Work instruction: An exact transcription of all the data is required, with every image removed.

Source material:
#####
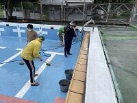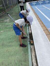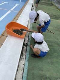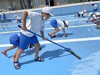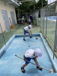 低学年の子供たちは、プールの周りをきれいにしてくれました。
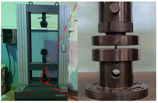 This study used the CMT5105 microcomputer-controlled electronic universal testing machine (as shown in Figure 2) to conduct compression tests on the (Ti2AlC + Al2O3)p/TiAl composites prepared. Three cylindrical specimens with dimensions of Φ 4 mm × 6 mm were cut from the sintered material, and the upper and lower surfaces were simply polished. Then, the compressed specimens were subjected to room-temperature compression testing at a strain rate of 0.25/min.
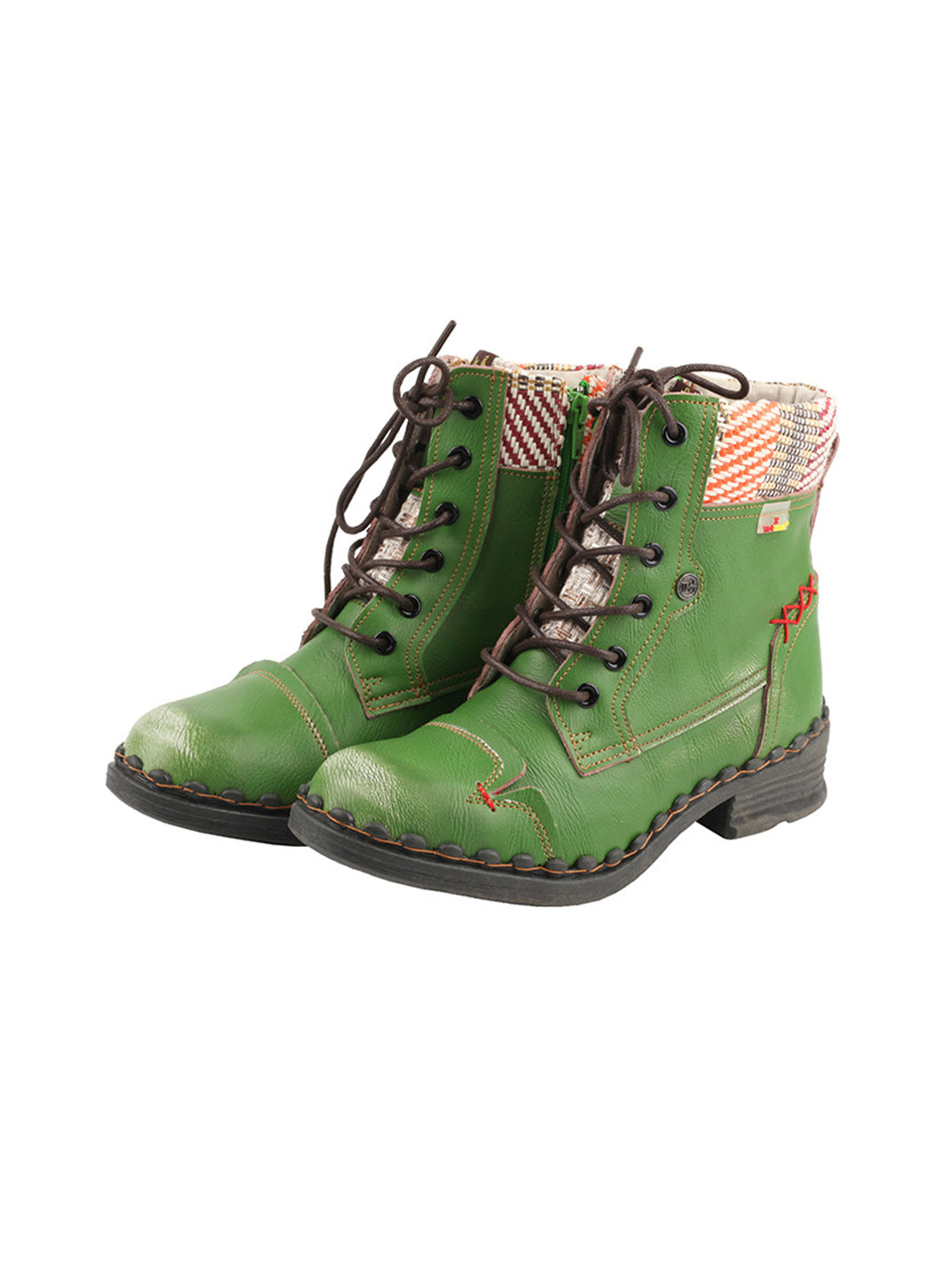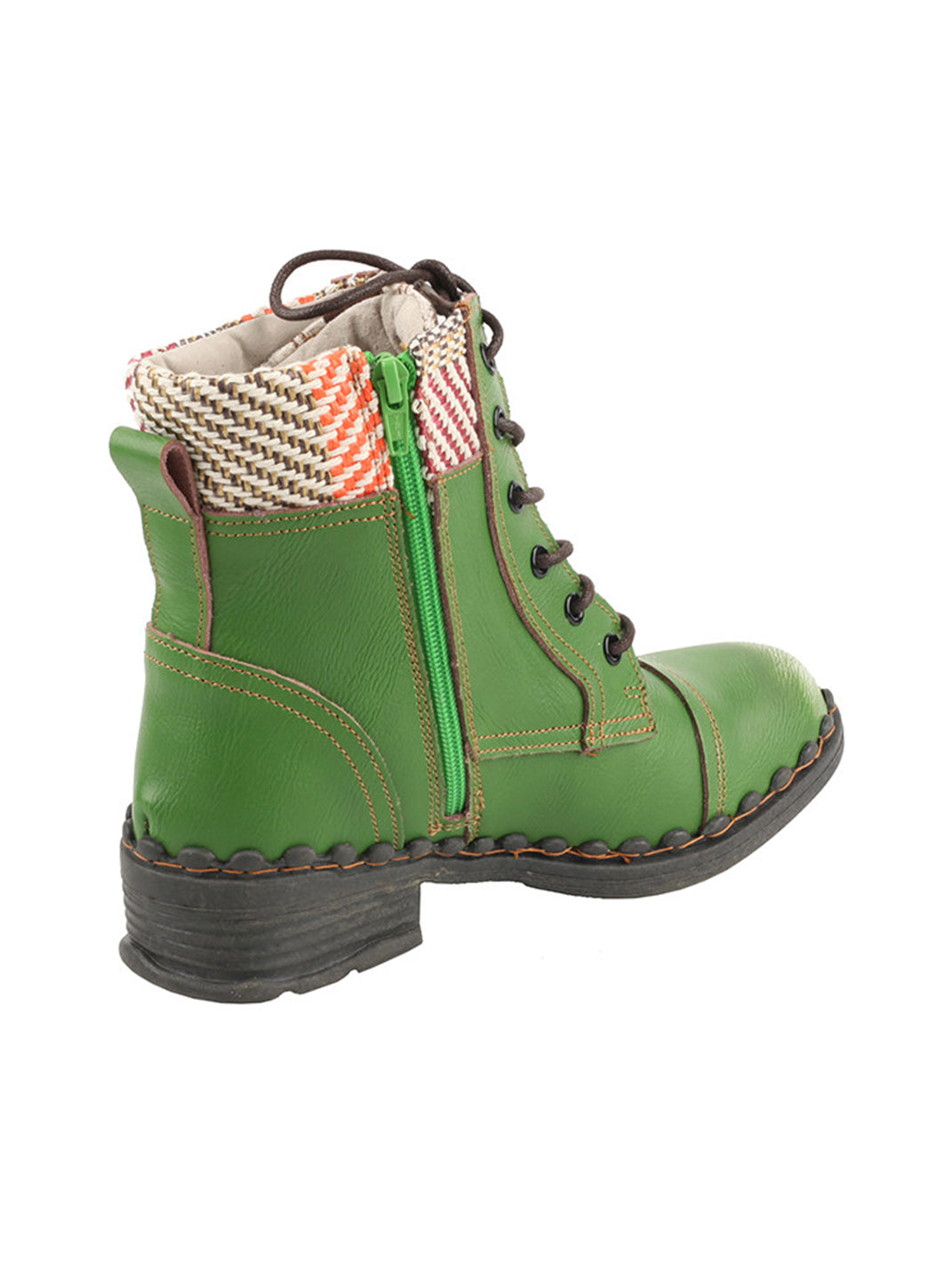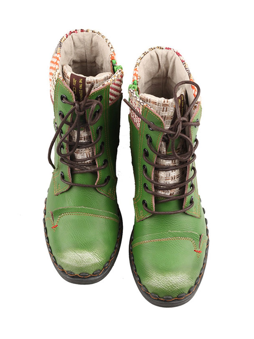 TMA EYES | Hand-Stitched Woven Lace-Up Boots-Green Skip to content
#####
Solution for this task:
 低学年の子供たちは、プールの周りをきれいにしてくれました。
 This study used the CMT5105 microcomputer-controlled electronic universal testing machine (as shown in Figure 2) to conduct compression tests on the (Ti2AlC + Al2O3)p/TiAl composites prepared. Three cylindrical specimens with dimensions of Φ 4 mm × 6 mm were cut from the sintered material, and the upper and lower surfaces were simply polished. Then, the compressed specimens were subjected to room-temperature compression testing at a strain rate of 0.25/min.
 TMA EYES | Hand-Stitched Woven Lace-Up Boots-Green Skip to content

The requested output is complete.